“This is the way I look at it,” he said submissively and sadly: “that nothing can be otherwise than as the Lord decrees. If the Lord does not grant health, then all the doctors cannot help. Akim, yonder, speaks the truth: no one can die before his death-hour comes.”
“Doctors!” interposed Akim, staring at the coals and pronouncing the word in a specially vicious way—“doktogga!” “Doctors, brother, have an eye on their pockets. I’d let out his guts for him, for such a doctor, so I would!”
“Not all of them are thinking of their pockets,” said Kuzma.
“I haven’t seen all of them.”
“Well, then, don’t chatter nonsense about what you haven’t seen,” said Mitrofan severely, and turned to the baker: “Yes, and you’re a nice one, too: making yourself out a hopeless beggar! Perchance, if you didn’t wallow round on the ground, dog-fashion, you wouldn’t have that acute pain.”

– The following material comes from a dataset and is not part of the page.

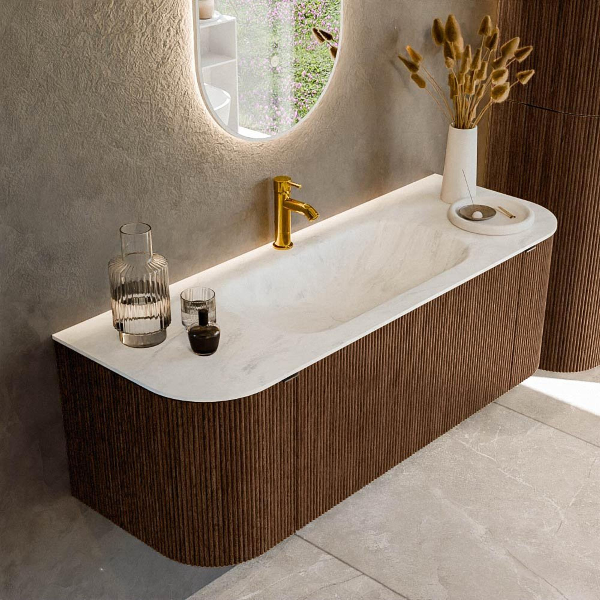 La forme rectangulaire avec angles arrondis assure une apparence élégante et chaleureuse qui apporte immédiatement du calme dans votre salle de bains. La teinte walnut chaude donne au meuble un aspect luxueux, presque comme un meuble de séjour, ce qui lui permet de s’harmoniser parfaitement avec un intérieur moderne ou une salle de bains riche en matériaux naturels. Le plan-vasque BIG SMALL blanc mat dans la couleur Opalo crée un contraste subtil et met encore plus en valeur les robinets et accessoires. Comme la vasque est positionnée au centre, l’ensemble paraît épuré et symétrique, ce qui contribue à une sensation d’ordre. Les poignées intégrées dans les façades rendent le design encore plus minimaliste : pas de poignées saillantes, mais de belles lignes fraisées qui soulignent le caractère de la série Kurve. Vous créez ainsi une base calme et haut de gamme dont vous profiterez pendant de nombreuses années.

“Why, you see, I—” the baker began.
But at this point Akim’s scoffing composure deserted him of a sudden. And, rolling his stupid hawk-like eyes, he abruptly leaped to his feet and began to yell, with the irascibility of an idiot: “What? So I’m chattering nonsense, am I? Have you been in the hospital? Have you? And I have been there! I spent seven days there—and did he give me any white-bread rolls, that doctor of yours? Did he?”
“Yes, you’re a fool,” interposed Mitrofan: “white rolls are not given to every sick person: it depends on their disease.”
“Ah! It depends on their disease! Well, let him go burst with his disease, devil take him!” shouted Akim.
And, casting furious glances about him, he flung his spoon into the “thin gruel” and strode off into the hut.